= Data block =

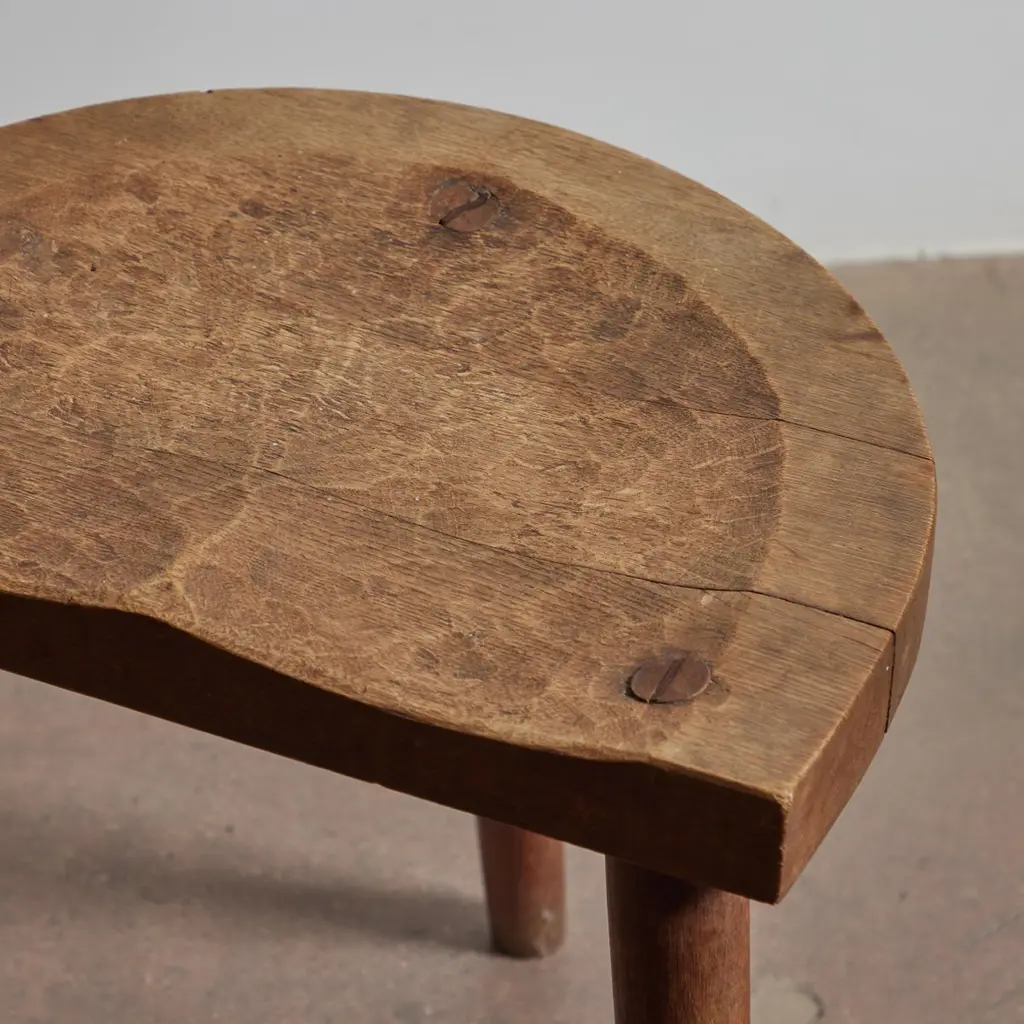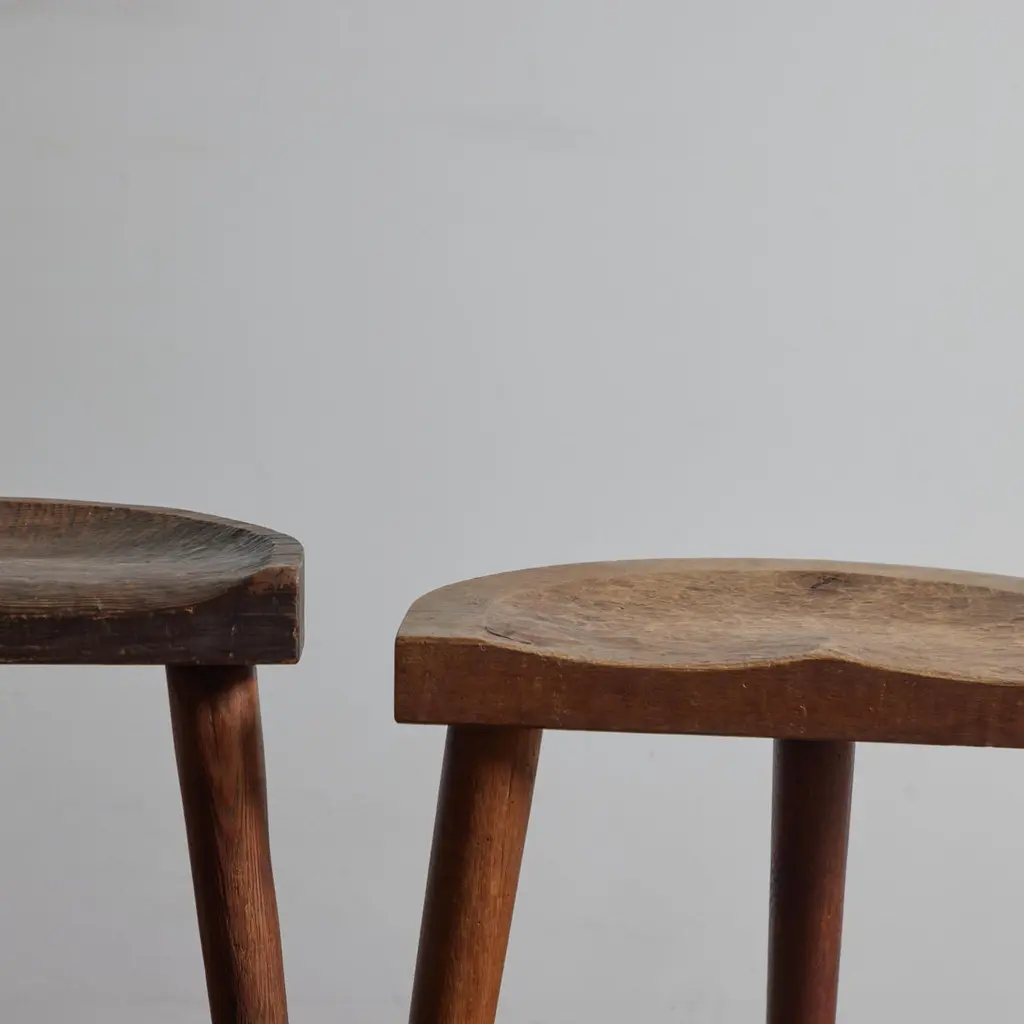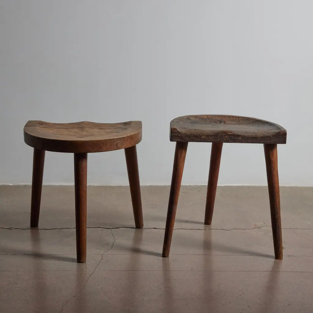 Hand gouged oak stools by Jean Touret for Ateliers Marolles. Made in France circa 1960s. Priced per item.Jean Touret moved to Pezay, a rural area near Marolles, in 1946. While there, he became highly conscious of the uncertainty that Industrial development would bring to the future of the local craftsmen. Believing strongly in the value of the artisan tradition, Touret decided to informally organize a local group of artisans into a collective, becoming their artistic director. Employing the talents of each member, he orchestrated the creation of furniture which embodied the circumstances of the epoch. The furniture designed by the Marolles group under Touret’s direction was guided by the concept of minimalism and a simplistic integrity achieved through the use of wood and iron and materials he considered to be organic and expressive. Each piece was conceived to serve an essential purpose, and was produced in limited edition. The Marolles group quickly expanded its development over the years and achieved enduring success. The collective is notable not only for its intense artistic fervor, but also for the huge risk they undertook in going against the trend of the times.
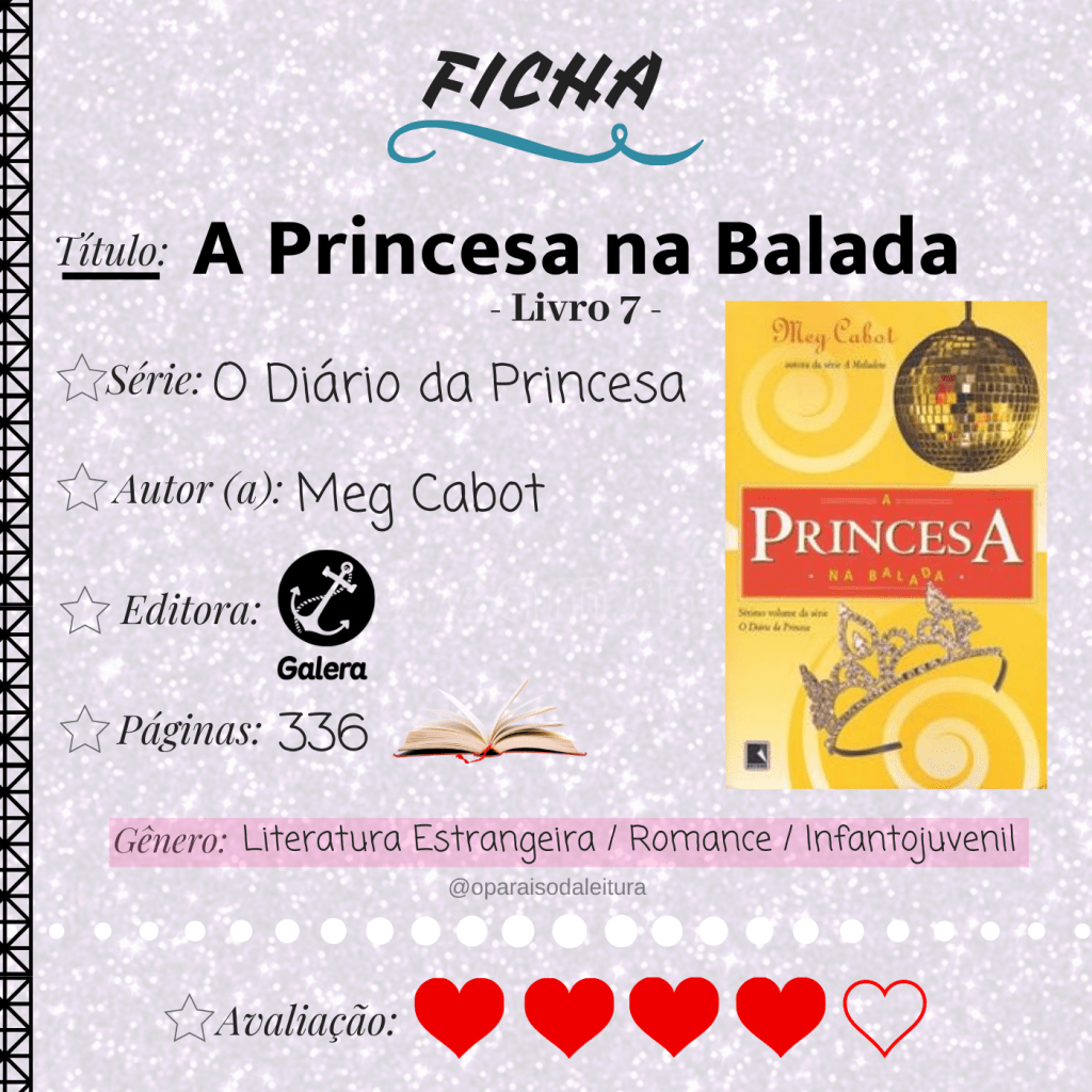 Sinopse: “As princesas só querem se divertir. Basta ler Princesa na balada, sétimo volume da série O Diário da Princesa ― que deu origem à superprodução dos Estúdios Disney estrelada por Julie Andrews e Anne Hathaway e um dos lançamentos mais vendidos pela Editora Record ―, para ter absoluta certeza disso.Nesta primavera, Mia está decidida a se divertir, apesar de o governo estudantil de que ela é presidente de repente se encontrar falido. Por sorte (ou por azar, dependendo do ponto de vista), Grandmère tem um plano elaborado para arrecadar fundos, catapultar Mia à fama teatral e, ao mesmo tempo, promover uma união romântica entre ela e um partidão, que não é o namorado dela. Não é para menos que Michael, o amor da vida da menina, parece achar que ela é louca ou, pior ainda, nada divertida.Será possível que Mia, prestes a se tornar uma estrela dos palcos, presidente do governo estudantil e futura governante da Genovia, não está pronta para festas? A trama está ainda mais deliciosa e divertida, repleta de referências à cultura pop americana. Princesa na balada é a nova aventura da personagem que continua cativando adolescentes do mundo inteiro.”
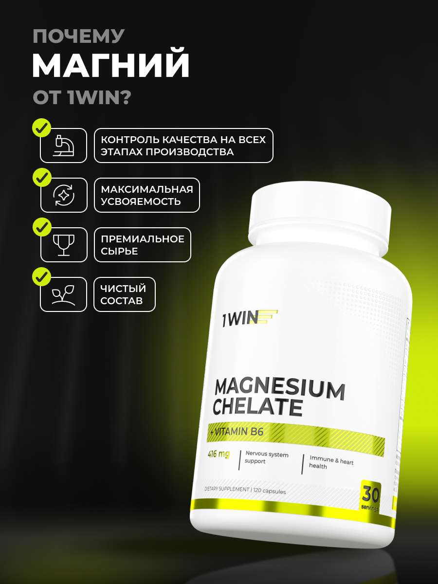 1WIN / Магния бисглицинат+В6, 120 капсул
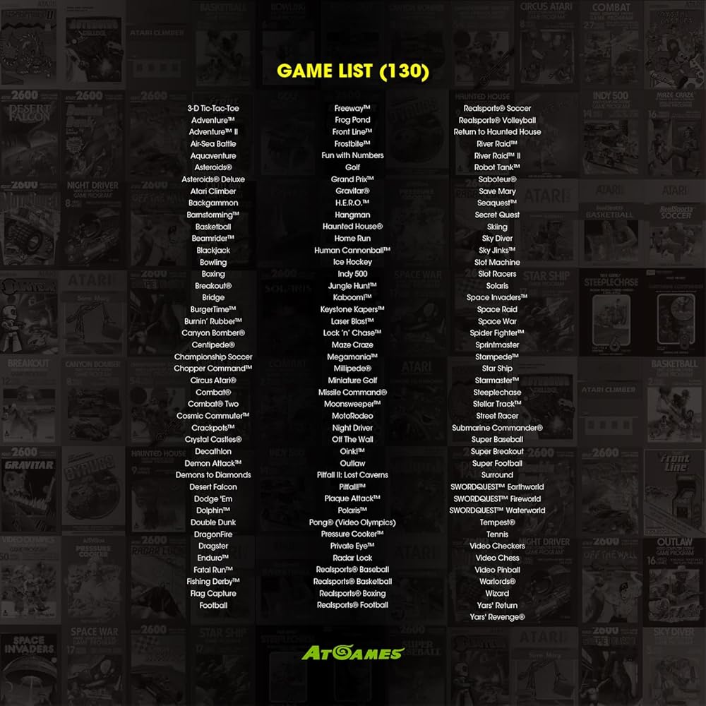 • Video game console with 130 Built-In games, including Atari 2600 classics like Asteroids, Centipede, and Missile Command, as well as other legends like Activision Pitfall and River Raid. Refer to the uploaded game list picture to find games of interest.

= What is being asked =
Give back the material above word for word; no picture belongs in it.

= Task response =
 Hand gouged oak stools by Jean Touret for Ateliers Marolles. Made in France circa 1960s. Priced per item.Jean Touret moved to Pezay, a rural area near Marolles, in 1946. While there, he became highly conscious of the uncertainty that Industrial development would bring to the future of the local craftsmen. Believing strongly in the value of the artisan tradition, Touret decided to informally organize a local group of artisans into a collective, becoming their artistic director. Employing the talents of each member, he orchestrated the creation of furniture which embodied the circumstances of the epoch. The furniture designed by the Marolles group under Touret’s direction was guided by the concept of minimalism and a simplistic integrity achieved through the use of wood and iron and materials he considered to be organic and expressive. Each piece was conceived to serve an essential purpose, and was produced in limited edition. The Marolles group quickly expanded its development over the years and achieved enduring success. The collective is notable not only for its intense artistic fervor, but also for the huge risk they undertook in going against the trend of the times.
 Sinopse: “As princesas só querem se divertir. Basta ler Princesa na balada, sétimo volume da série O Diário da Princesa ― que deu origem à superprodução dos Estúdios Disney estrelada por Julie Andrews e Anne Hathaway e um dos lançamentos mais vendidos pela Editora Record ―, para ter absoluta certeza disso.Nesta primavera, Mia está decidida a se divertir, apesar de o governo estudantil de que ela é presidente de repente se encontrar falido. Por sorte (ou por azar, dependendo do ponto de vista), Grandmère tem um plano elaborado para arrecadar fundos, catapultar Mia à fama teatral e, ao mesmo tempo, promover uma união romântica entre ela e um partidão, que não é o namorado dela. Não é para menos que Michael, o amor da vida da menina, parece achar que ela é louca ou, pior ainda, nada divertida.Será possível que Mia, prestes a se tornar uma estrela dos palcos, presidente do governo estudantil e futura governante da Genovia, não está pronta para festas? A trama está ainda mais deliciosa e divertida, repleta de referências à cultura pop americana. Princesa na balada é a nova aventura da personagem que continua cativando adolescentes do mundo inteiro.”
 1WIN / Магния бисглицинат+В6, 120 капсул
 • Video game console with 130 Built-In games, including Atari 2600 classics like Asteroids, Centipede, and Missile Command, as well as other legends like Activision Pitfall and River Raid. Refer to the uploaded game list picture to find games of interest.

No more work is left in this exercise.